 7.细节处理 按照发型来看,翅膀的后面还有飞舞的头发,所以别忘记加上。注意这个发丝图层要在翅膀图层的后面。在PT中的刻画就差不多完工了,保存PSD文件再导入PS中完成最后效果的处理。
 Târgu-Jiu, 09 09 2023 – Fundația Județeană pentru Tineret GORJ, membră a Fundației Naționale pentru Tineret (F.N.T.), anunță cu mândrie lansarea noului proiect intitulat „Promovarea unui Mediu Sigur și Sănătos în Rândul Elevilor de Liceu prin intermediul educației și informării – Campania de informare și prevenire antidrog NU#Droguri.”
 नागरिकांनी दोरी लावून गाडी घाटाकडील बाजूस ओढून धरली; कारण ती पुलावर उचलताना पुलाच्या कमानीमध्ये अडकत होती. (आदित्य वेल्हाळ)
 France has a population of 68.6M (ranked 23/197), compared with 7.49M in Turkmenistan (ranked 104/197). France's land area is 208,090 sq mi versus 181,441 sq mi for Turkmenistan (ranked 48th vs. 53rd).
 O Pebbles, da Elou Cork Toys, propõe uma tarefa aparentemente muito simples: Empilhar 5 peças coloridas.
****
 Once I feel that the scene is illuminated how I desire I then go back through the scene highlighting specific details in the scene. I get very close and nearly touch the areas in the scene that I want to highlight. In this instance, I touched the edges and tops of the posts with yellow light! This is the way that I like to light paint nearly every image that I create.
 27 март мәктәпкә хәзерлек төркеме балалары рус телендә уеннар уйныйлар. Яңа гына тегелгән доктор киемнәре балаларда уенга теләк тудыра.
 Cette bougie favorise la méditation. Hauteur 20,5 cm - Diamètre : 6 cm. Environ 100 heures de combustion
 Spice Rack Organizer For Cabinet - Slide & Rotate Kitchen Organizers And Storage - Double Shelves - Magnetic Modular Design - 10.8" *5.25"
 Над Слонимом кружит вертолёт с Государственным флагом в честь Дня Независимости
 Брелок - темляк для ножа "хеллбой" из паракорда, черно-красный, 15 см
****
### [EXERCISE DETAILS]
Taking the material above, extract exactly and only the lines from the line with "7.细节处理 按照发型来看,翅膀的后面还" to the line with "नागरिकांनी दोरी लावून", inclusive of both.

### [ANSWER BOX]
 7.细节处理 按照发型来看,翅膀的后面还有飞舞的头发,所以别忘记加上。注意这个发丝图层要在翅膀图层的后面。在PT中的刻画就差不多完工了,保存PSD文件再导入PS中完成最后效果的处理。
 Târgu-Jiu, 09 09 2023 – Fundația Județeană pentru Tineret GORJ, membră a Fundației Naționale pentru Tineret (F.N.T.), anunță cu mândrie lansarea noului proiect intitulat „Promovarea unui Mediu Sigur și Sănătos în Rândul Elevilor de Liceu prin intermediul educației și informării – Campania de informare și prevenire antidrog NU#Droguri.”
 नागरिकांनी दोरी लावून गाडी घाटाकडील बाजूस ओढून धरली; कारण ती पुलावर उचलताना पुलाच्या कमानीमध्ये अडकत होती. (आदित्य वेल्हाळ)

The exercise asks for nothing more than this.